Но никто не бежит переодеваться в белые пиджаки и белые платья…
“Какой послушный ребенок”, — говорит какой-то голос в темноте его маме, а мама кивает и смотрит на танцплощадку. Там под яркими, если послюнявить карандаши, фонариками папу приглашает на танец тетя, про которую мама говорит, что у нее не все дома. Алекс видит, как они танцуют — особенно красиво танцует тетя, у которой не все дома.
…Горячие струи бегут по телу, дрожит осторожная пена на груди.
Да, Алекс был послушный ребенок и позволял взрослым вытворять с собой все что хотят. Громко и бестолково проверять его домашнее задание. Отвозить в почетную ссылку к бабушкам. Отдавать его на плавание, чтобы он захлебнулся и все смеялись.

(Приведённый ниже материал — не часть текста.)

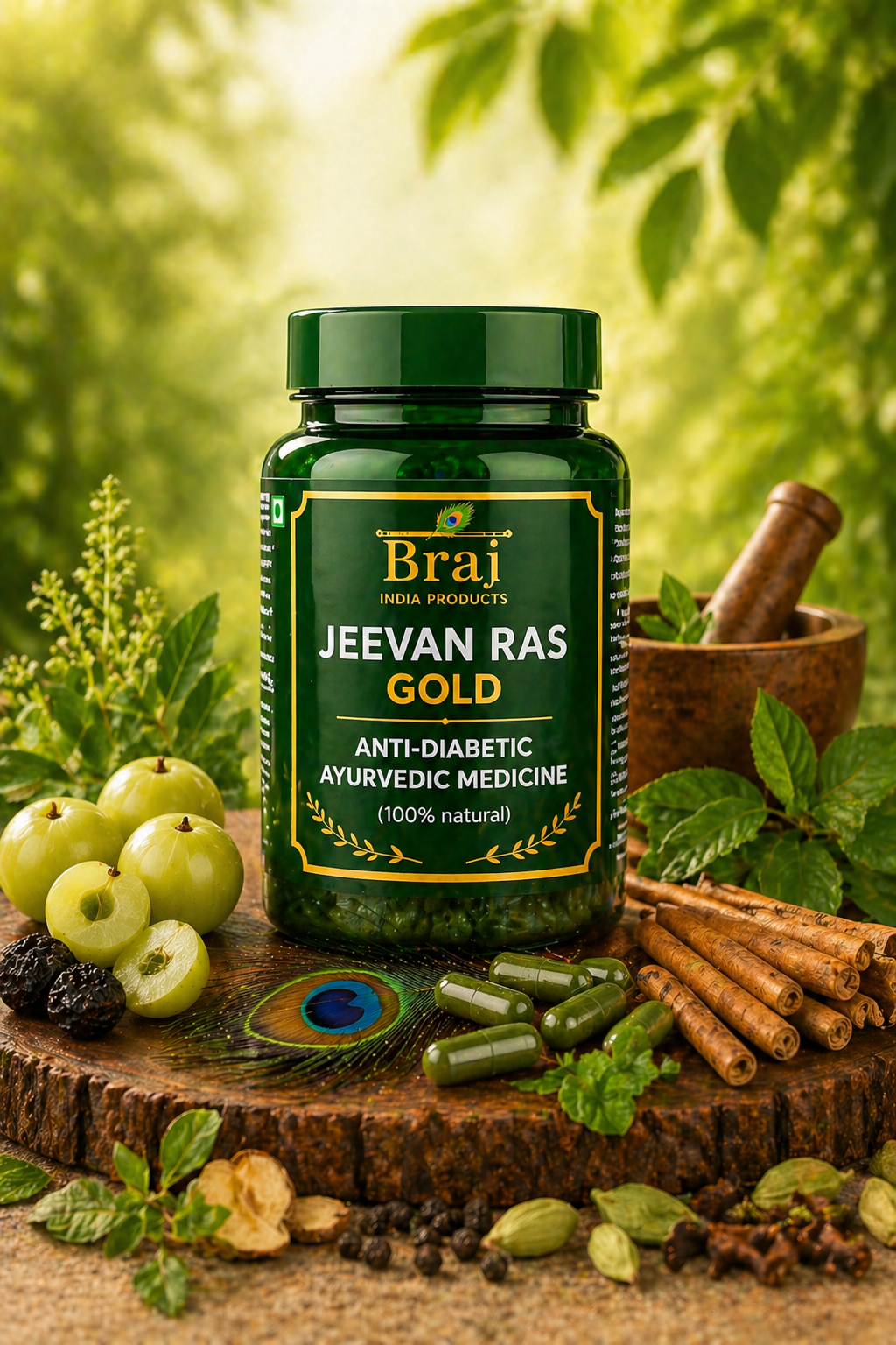 Braj Jeevan Ras Gold Capsule is a premium Ayurvedic formulation crafted using traditional herbs known for supporting blood sugar balance and overall health.

Наконец, взять и в десять лет сделать ему обрезание.
Да-да, то самое.
Скажите, ну зачем ребенку — обрезание?
Он не понимал. Подумаешь, папа — наполовину таджик. Но ведь папа давно свою таджикскую половину оставил где-то в Джизаке. Только один раз Алекса с собой туда, к этой половине, брал, и Алексу там было страшно. Его целовали какими-то непривычно пахнущими поцелуями; долго, целый день, гладили по голове и щипали за щеку.
Но кроме этой половины, все у отца Алекса было русское, советское: лицо, фамилия, язык, газеты, мама… Наконец, он, Алекс, — он тоже у него, у папы, русский: волосы у Алекса, когда совсем маленький был, совершенно были русскими, сейчас только немножко потемнели.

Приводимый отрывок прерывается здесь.